Yep, and making people wear a helmet causes more and worse head injuries than if you don't require them. Sometimes things are not the way you would think they should be.
Vaccines protect the herd -- this is not "random people" but the people you come into contact with each day.
Why should I care about "the herd"? I am not a cow or sheep. I will do what is right for me and my family. They used to tell you to use all the anti-bacterial solutions in you soap and sanitizers also. Only we now find out it is causing much worse bacteria that we can't kill off. Some studies show that being too clean makes your immune system overreact to things causing allergies and autoimmune diseases. I put vaccines into that category. Getting the disease does something different from getting the vaccine as is evident from the different length of immunity given. I'm not saying people should be getting the polio disease. But go on and ask all your older relatives how many people they knew as a kid that died of Measles and I bet you don't find any. Everyone got it, but they make it sound so scary today in the news and it's not.
You do indeed have the right to get the flu instead of a shot.
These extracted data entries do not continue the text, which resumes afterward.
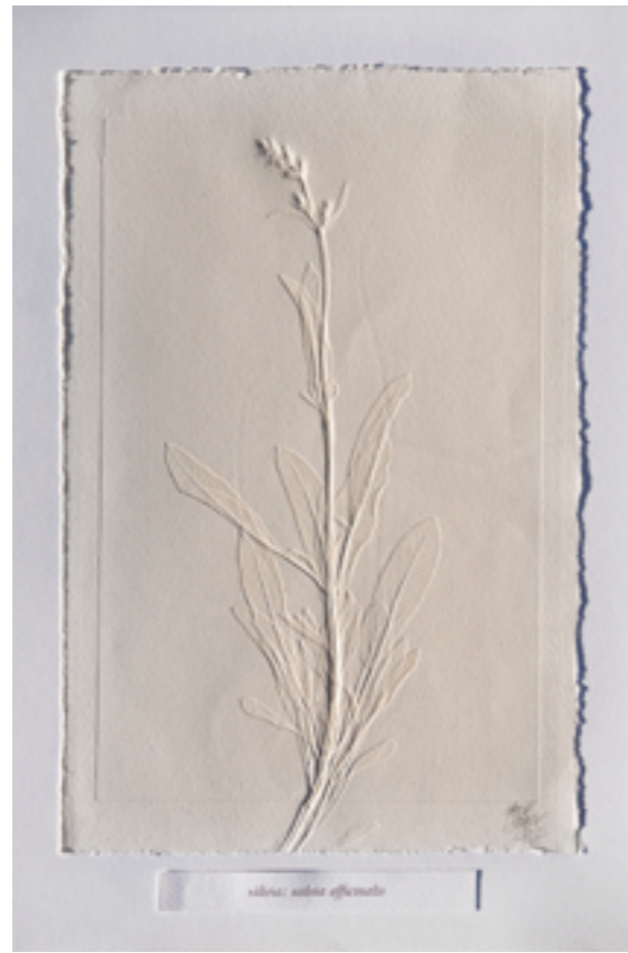
salix: salix affinis
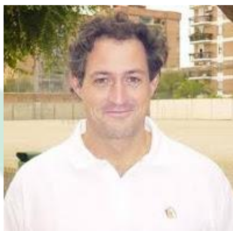
ANTONIO J. GONZALEZ AROCA HOSPITAL VIAMED EL REVERSO
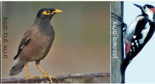
Common Myna מיינה מינה
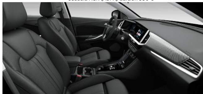
Kožené čalúnenie, čierne Jet Black, ergonomické vyhrievané a ventilované predné sedadlá AGR, elektricky nastaviteľné sedadlo vodiča v 8smeroch s pamäťou, vyhrievané zadné sedadlá (82FX) Edition 2500 €/Ultimate&GSe - 1300 €
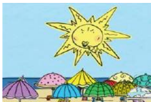
IMAGEM: A Sunny Day, de Gil Alkabetz

PARCERIA PROJETO ALCATEIA – Serviço Educativo FLL e Cine Clube de Viseu PÚBLICO-ALVO Alunos Ensino Pré-Escolar HORÁRIO 10h00, 11h30 e 14h30 DURAÇÃO 50 minutos LOTAÇÃO 60 alunos/3 turmas LOCAL Auditório Maria José Cunha, FLL
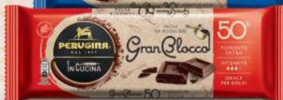
PERUGINA GRAN BLOCCO DI CIOCCOLATO LATTE 30%/FONDENTE 50% - 70% 150 G
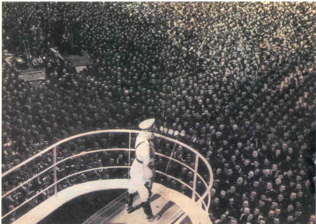
▲ 墨索里尼演讲。他的极具鼓惑的言论在当时赢得了民众盲目的支持。

势，因为真正参加行动的人数并没有吹嘘的多，再加上其简陋的装备，一旦政府抵抗，军队听从皇家的差遣，暴动便会轻而易举地被压制下去。但意大利国王和其他保守派集团则希望通过支持法西斯来驯服法西斯主义，这倒为夺权扫清了道路。
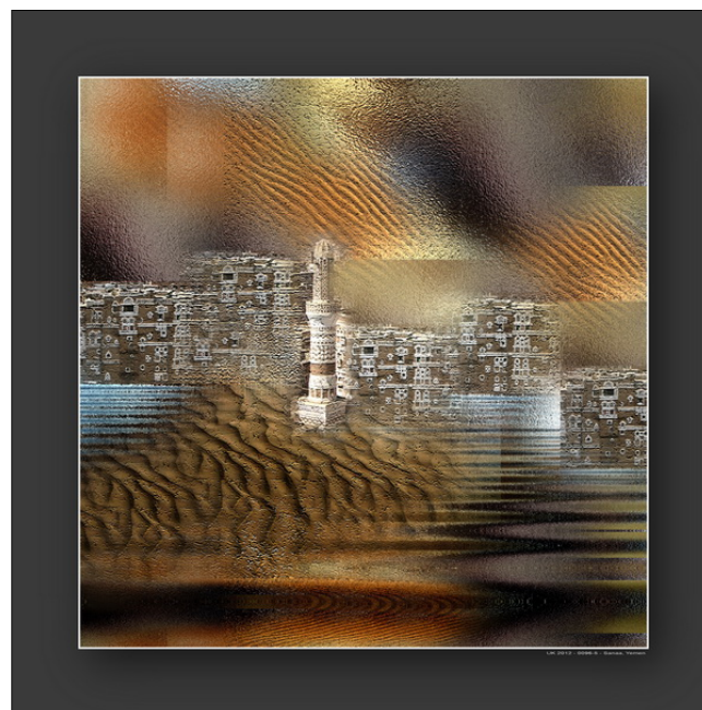
“Sanaa - Yemen”
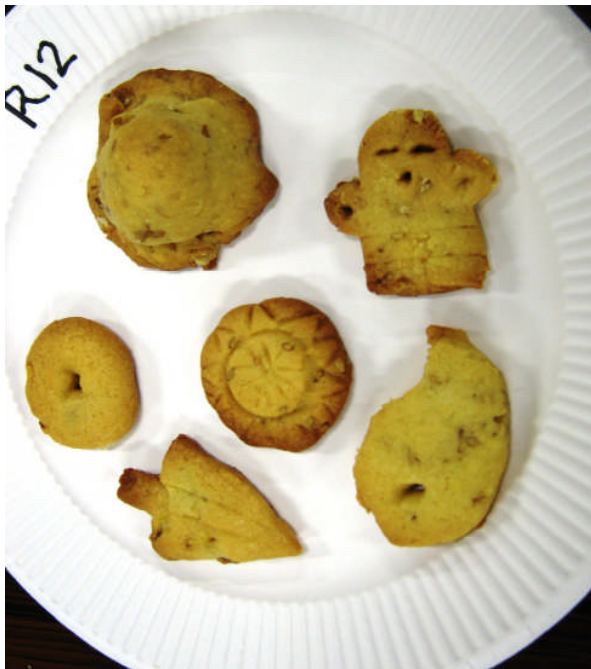
レシピ・妻木晩田物産振興会賞 『ハニークッキー』
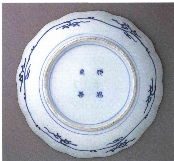
41 (41-207) 色絵丸文輪花皿 (有田) 天保(1830~44) 国立歴史民俗博物館
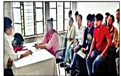
रोजगार मेला में साक्षात्कार लेते कंपनी के प्रतिनिधि। संवाद
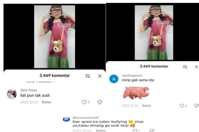
Gambar 2. Tangkapan Layer video Kolom komentar TikTok Akun @itakarya.
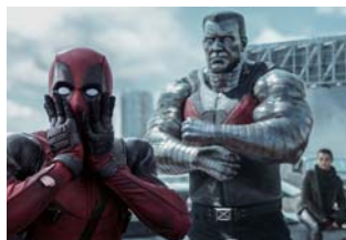
「デッドプール」公開中

調査対象 「ゲオアプリ」の会員 集計期間 2016年7月4日～11日 回答者数 4万8,609名 (男性 2万4,090人 女性 2万4,519人)
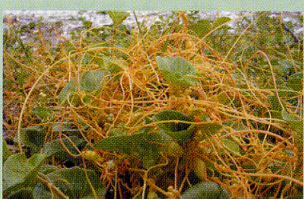
アメリカネナシカズラ 砂浜
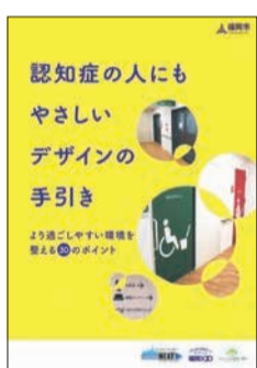
市が令和2年に作成した冊子
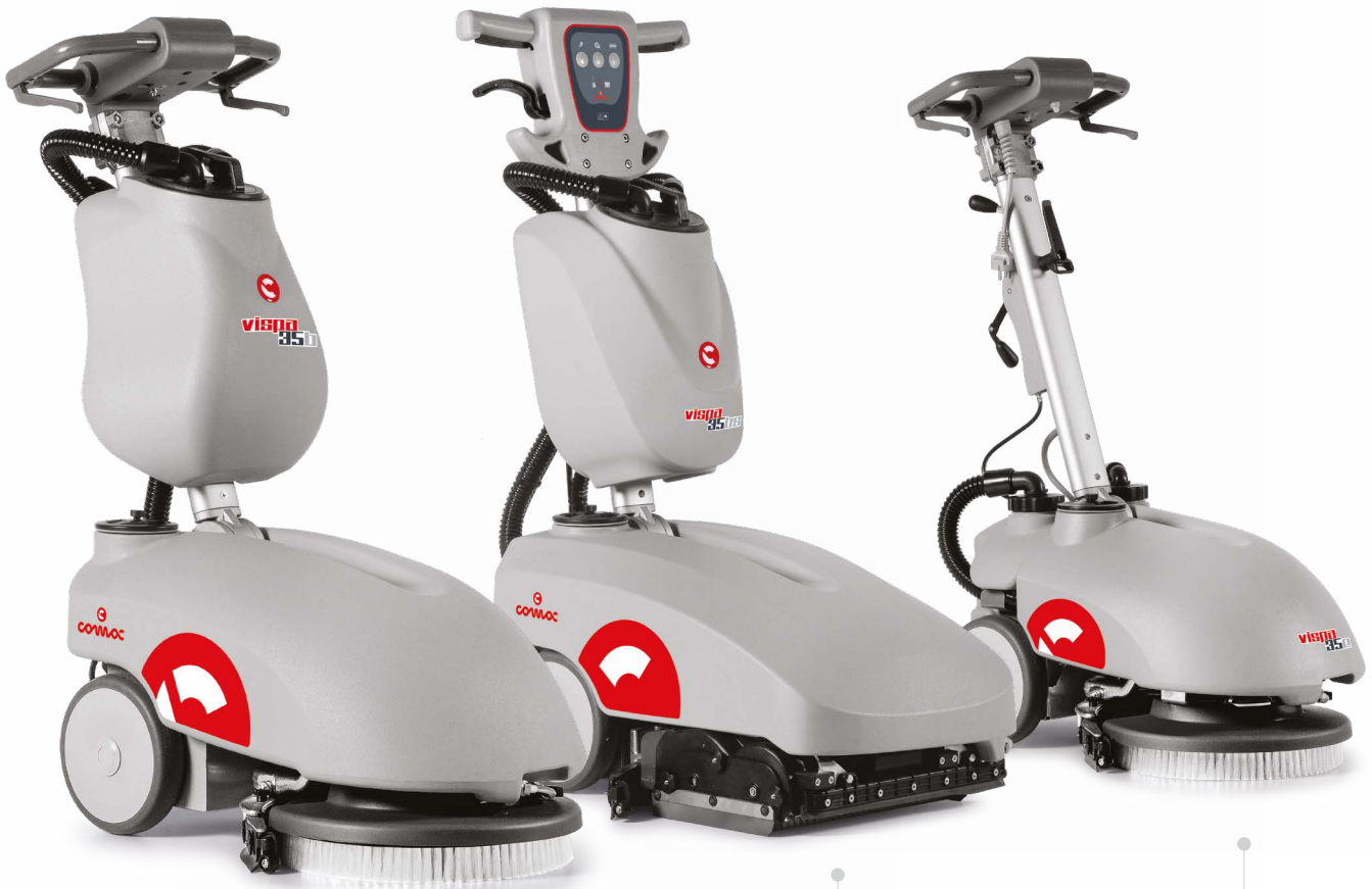
VISPA 35 B Versiune de spălare cu baterie cu perie disc Lățime de lucru: 350 mm
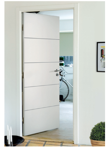
Porte isolante postformée HORIZON
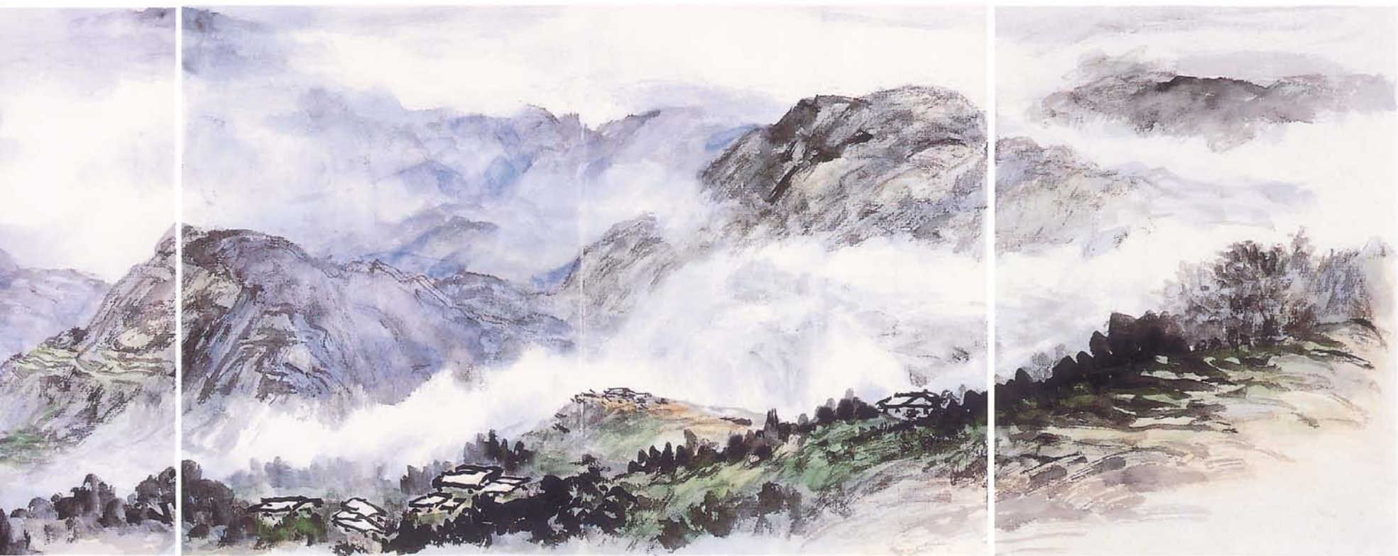
清靖山脈 頁冊（宣紙·墨·中國及水彩顏料） 31.5×155cm 1995
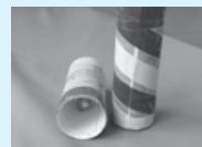
⑤カラーテープやマスキングテープをかざれば
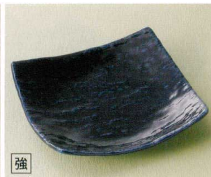
24119-376 1,600円 253720523 紺化粧四方皿 (160×160×25mm)
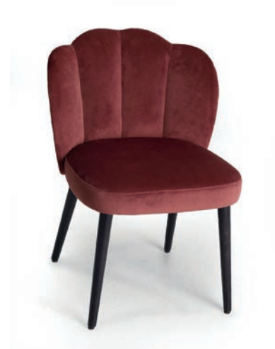
ASTORIA STUHL wenge VELLETO RE Burgundy 78 58 60 47
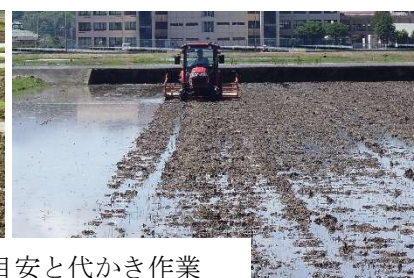
浅水代かきの目安と代かき作業
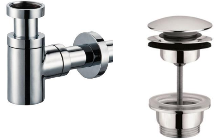
Designbekersifon rond met muurbuis en rozet, chrom en design afvoerplug chrom
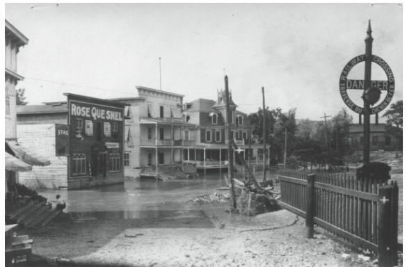
1917 : Avard & Nadeau, restaurant-barbier, hôtels Larochelle et Manoir Bilodeau
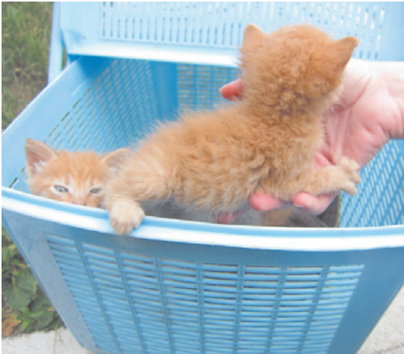
Рыжие братик и сестричка будут жить вместе!
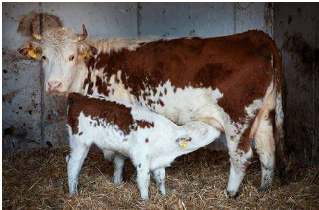
Jedes Jahr ein gesundes, vitales Kalb: Die Grundlage erfolgreicher Mutterkuhhaltung. Egal um welche Rasse es geht, ob intensive oder extensive Produktion. Erfreulicherweise hat sich die Totgeburtenrate im Vergleich zum Vorjahr verbessert.
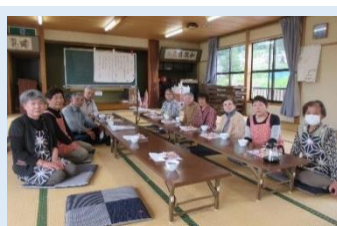
いちご会 6月15日(水) 軽運動

Only until people like you get the law changed to make it mandatory that everyone get every vaccine that the government mandates and get the flu vaccine added to the list. California is getting rid of the religious exception for vaccines for school children. I guess we just have to get fake medical records made up then. The situation does not really get better, does it. Plus, when you see these outbreaks in the news, they always fail to tell you how big a percentage of the outbreak is among vaccinated people. The Measles outbreak at Disney Land was mostly among unvaccinated people, but there were five vaccinated people that got it anyway. In New York in 2011 an outbreak was traced to a vaccinated 22 year old that gave it to 4 other fully vaccinated people. Did you know that getting the vaccine can cause you to shed fully contagious Measles virus and you can then make other people sick. You probably didn't know that either, did you.
We keep learning about the companies that make these and how the effectiveness is way lower than they have been telling us, or it turns out to cause cancer.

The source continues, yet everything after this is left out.